# [Information supplied]
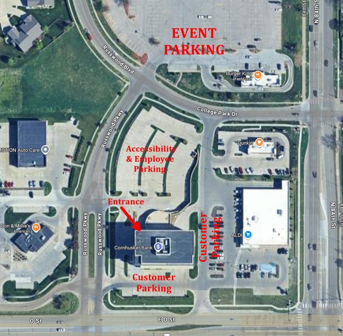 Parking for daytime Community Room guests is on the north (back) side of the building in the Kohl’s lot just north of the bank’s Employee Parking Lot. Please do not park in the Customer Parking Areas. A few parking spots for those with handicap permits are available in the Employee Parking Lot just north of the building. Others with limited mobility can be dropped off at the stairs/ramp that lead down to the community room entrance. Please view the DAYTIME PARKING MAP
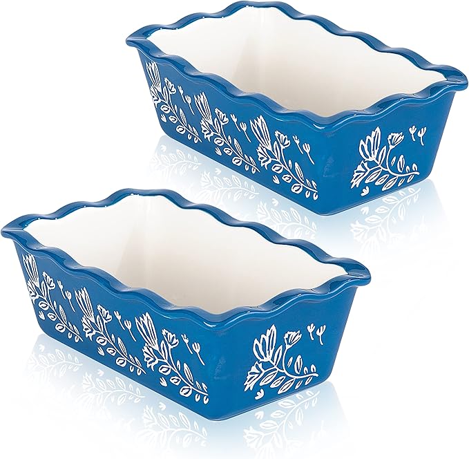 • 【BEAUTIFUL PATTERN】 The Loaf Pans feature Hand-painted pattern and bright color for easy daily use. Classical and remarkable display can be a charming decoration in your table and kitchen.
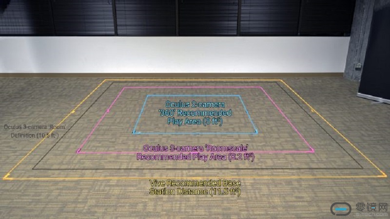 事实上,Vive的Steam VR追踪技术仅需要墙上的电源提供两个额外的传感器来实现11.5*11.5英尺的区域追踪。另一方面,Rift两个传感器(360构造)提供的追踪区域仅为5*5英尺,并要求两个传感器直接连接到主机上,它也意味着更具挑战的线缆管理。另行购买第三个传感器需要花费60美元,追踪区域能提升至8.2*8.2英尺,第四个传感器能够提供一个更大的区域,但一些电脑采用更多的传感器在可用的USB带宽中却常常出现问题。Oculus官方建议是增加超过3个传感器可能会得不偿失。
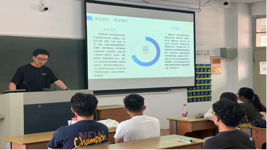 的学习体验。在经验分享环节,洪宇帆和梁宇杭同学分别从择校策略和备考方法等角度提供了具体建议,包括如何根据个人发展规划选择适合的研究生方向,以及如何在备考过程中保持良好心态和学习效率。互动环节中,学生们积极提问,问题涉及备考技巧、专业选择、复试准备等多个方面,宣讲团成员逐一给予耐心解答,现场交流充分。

# [What needs to be done]
Up in the listing, locate the line with "table and kitchen."; print it and every line after it down to the line with "事实上,Vive的Steam", which is included too. Skip the pictures.

# [Task result]
 • 【BEAUTIFUL PATTERN】 The Loaf Pans feature Hand-painted pattern and bright color for easy daily use. Classical and remarkable display can be a charming decoration in your table and kitchen.
 事实上,Vive的Steam VR追踪技术仅需要墙上的电源提供两个额外的传感器来实现11.5*11.5英尺的区域追踪。另一方面,Rift两个传感器(360构造)提供的追踪区域仅为5*5英尺,并要求两个传感器直接连接到主机上,它也意味着更具挑战的线缆管理。另行购买第三个传感器需要花费60美元,追踪区域能提升至8.2*8.2英尺,第四个传感器能够提供一个更大的区域,但一些电脑采用更多的传感器在可用的USB带宽中却常常出现问题。Oculus官方建议是增加超过3个传感器可能会得不偿失。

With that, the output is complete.